Who doesn’t love a PB&J? April 2nd is National Peanut Butter and Jelly Day, so celebrate with one of America’s most popular sandwiches. Soldiers in World War II are credited with the popularity of this sandwich combination because peanut butter, jelly and bread were on the Army’s food ration list.
Let’s look a little closer at the history of the mainstay of this sandwich: peanut butter. Peanut butter is a food-paste made from ground-roasted peanuts. It takes about 540 peanuts to make a 12-ounce jar of peanut butter. This popular nut butter made its debut as a protein substitute at the 1883 Chicago World’s Fair. After the commercialization of the peanut industry in the early 1900’s, peanut butter became more affordable for everyone.
Many people avoid peanut butter because of the calories and fat, however there is more to know about the nutritional value of this nutrient-dense food. A 2-tablespoon serving of peanut butter provides around 200 calories. This portion also provides fiber, protein and fat; which helps to keep you full longer. Although it is high in fat, these are mostly healthy monounsaturated and polyunsaturated fats. In fact, peanut butter has the same ratio of saturated to unsaturated fats as olive oil. Peanut butter also provides important vitamins and minerals including vitamins E and B6, magnesium and potassium.
I recently was shopping for peanut butter in the grocery store. It is amazing what you learn when you turn the jar around and read the nutrition facts label and the ingredient list. Don’t be fooled by statements on the front that say “natural”. Peanut butter made solely from peanuts is easily identifiable.
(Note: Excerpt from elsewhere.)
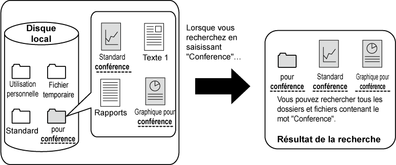 La recherche est possible même si vous ne connaissez qu'une partie du nom du fichier ou du dossier. Si nécessaire, un dossier peut également être choisi comme plage de recherche.

The ingredient list is simple: peanuts.
When you look at the jars on the shelf, they are the ones that have a layer of oil above the peanut paste in the jar. This is the natural oil from the ground peanuts. Before using, stir the oil into the paste to create a creamy texture. This can be tricky to maneuver but once you have stirred the oil into the peanut paste, it will give you a smooth, creamy mixture that is easy to spread. Store the jar in the refrigerator upside down to keep the mixture from separating.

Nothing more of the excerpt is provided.